INQUIRER: You know, you're starting to sound like a bit of an evangelist for your faith. Have you ever considered the ministry for a profession?
MEMBER: It's crossed my mind a time or two.
INQUIRER: But it's all right. I'm interested in what you say. What congregation did you say you belonged to?
MEMBER: I'm a member of the Quimper Unitarian Universalist Fellowship right here in Port Townsend. It's a neat little church located at 2333 San Juan Avenue. Services are held every Sunday at 9:15 and 11:15 a.m. You would certainly be more than welcome.
INQUIRER: You know, I just might take you up on that. I've been feeling, as I have sometimes felt before, that something is missing from my life and this time I don't want to let go of that feeling; I want to attend to it.
Footnote
I'd like to add a quick footnote to this conversation, which, incidentally, started out to be only an introduction to my message today.
The main idea I was playing with in this conversation is the idea that there's a shared, though not stated or defined, "ethos" that is embraced by Unitarian Universalists, I have been calling a "modern world-view," some of the characteristics of which I enumerated in the conversation.
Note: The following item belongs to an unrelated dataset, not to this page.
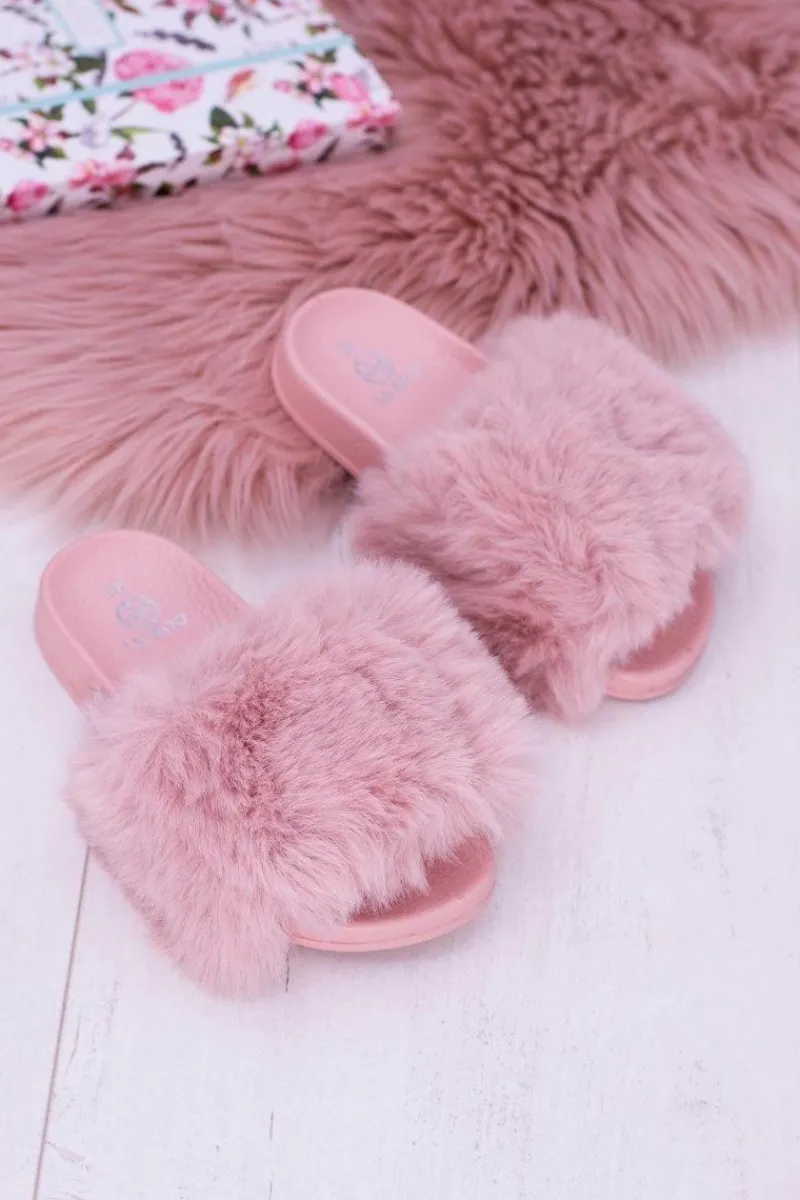 Hot Lu Boo Dziecięce Różowe Klapki Z Futerkiem Fur XXL Poli Damskie Dziewczęce|Klapki Z Futerkiem

One doesn't have to hold to these ideas to be a part of our congregations but, on the other hand, the people who are attracted to our congregations generally do hold these ideas. I was tipped off to this thought in two ways:
First, Fred Campbell's observation that there are four faiths in Unitarian Universalist congregations that exist in a larger context and framework. He calls it a "secular society;" I prefer to call it a "modern world-view."
And then a second thing that tipped me off to this larger belief framework was an odd little questionnaire on a website called beliefnet.com. This questionnaire, with the playful title "Belief-O-Matic," is designed to match your beliefs, in terms of percentage, to the religions that most closely resemble your beliefs. They say:
Even if YOU don't know what faith you are, Belief-O-Matic knows. Answer 20 questions about your concept of God, the afterlife, human nature, and more, and Belief-O-Matic will tell you what religion (if any) you practice…or ought to consider practicing.
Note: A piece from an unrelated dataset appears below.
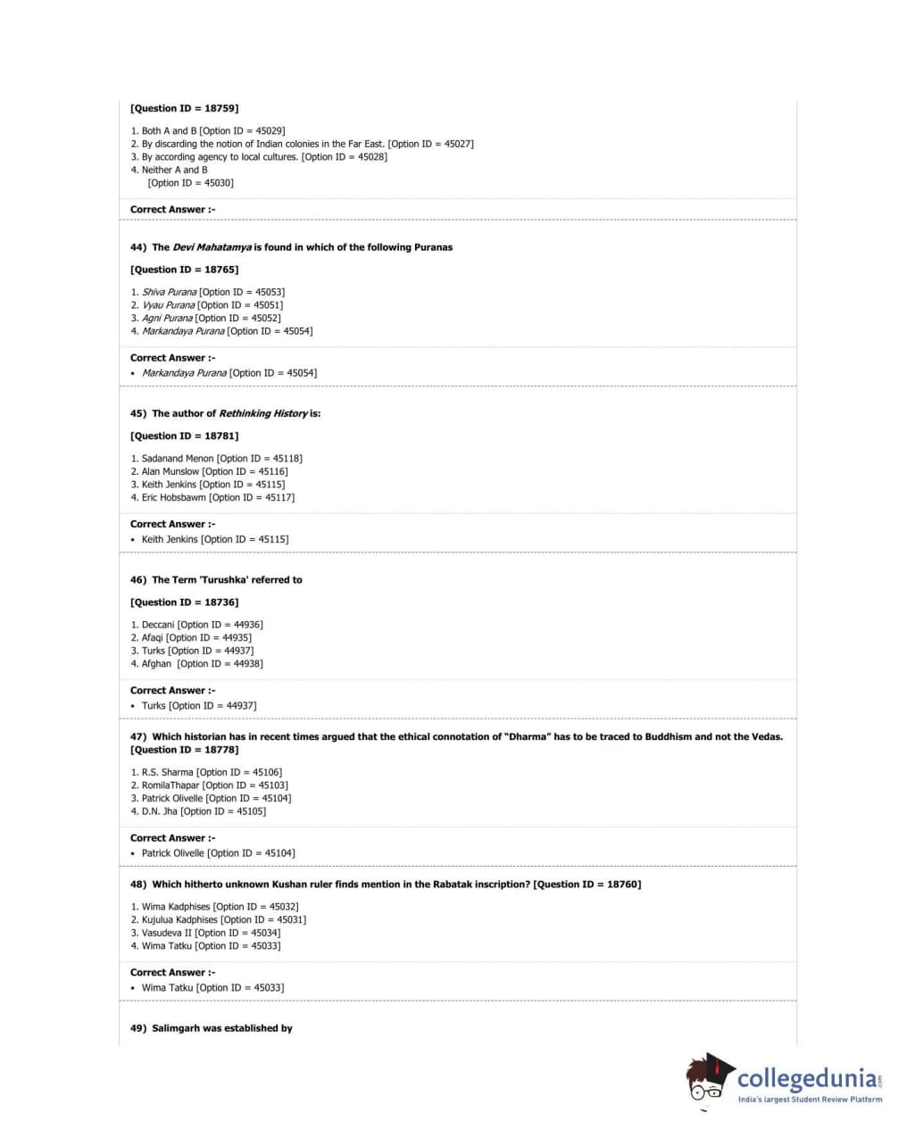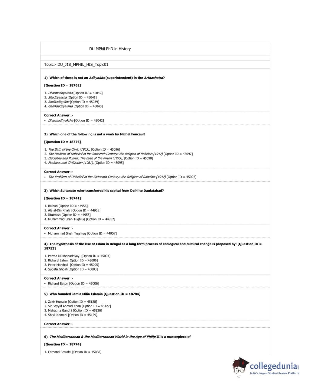 DUET 2018 M.Phil./Ph.D. in History Question paper with answer key pdf conducted on June 21, 2018 in Shift 2 is available for download. The exam was successfully organized by University of Delhi. The question paper comprised a total of 50 questions.

Over the last several years I have spoken to many Unitarian Universalists who have taken this questionnaire and, inevitably, Unitarian Universalism, which is just one of the 27 different possibilities given, ranks either at a full 100% or very, every high. And these questions are concrete, theological questions having little or nothing to do with the seven principles or the six sources of our associational covenant. This indicates to me that there is a common though unstated belief-base among Unitarian Universalists.
This is one of the things that got me thinking about the general ethos or general world-and-life view of Unitarian Universalists. And to my mind, then, a primary mission of Unitarian Universalist congregations, including this one, is to be a place where those who already hold to this general world-and-life view can find a community to sustain, to nourish, and to develop the life of the spirit.
Benediction
Now may peace be in our hearts,
and understanding in our minds,
may courage steel our wills,
and the love of truth forever guide us.Extinguishing of Chalice
We extinguish this chalice
But not the light of truth,
The warmth of community,
Or the fire of commitment.
These we carry in our hearts
Until we are together again.(NOTE: This is a manuscript version of the sermon preached by The Reverend Bruce A. Bode at the Quimper Unitarian Universalist Fellowship on September 26, 2004. The spoken sermon, available on audio cassette at the Fellowship, may differ slightly in phrasing and detail from this manuscript version.)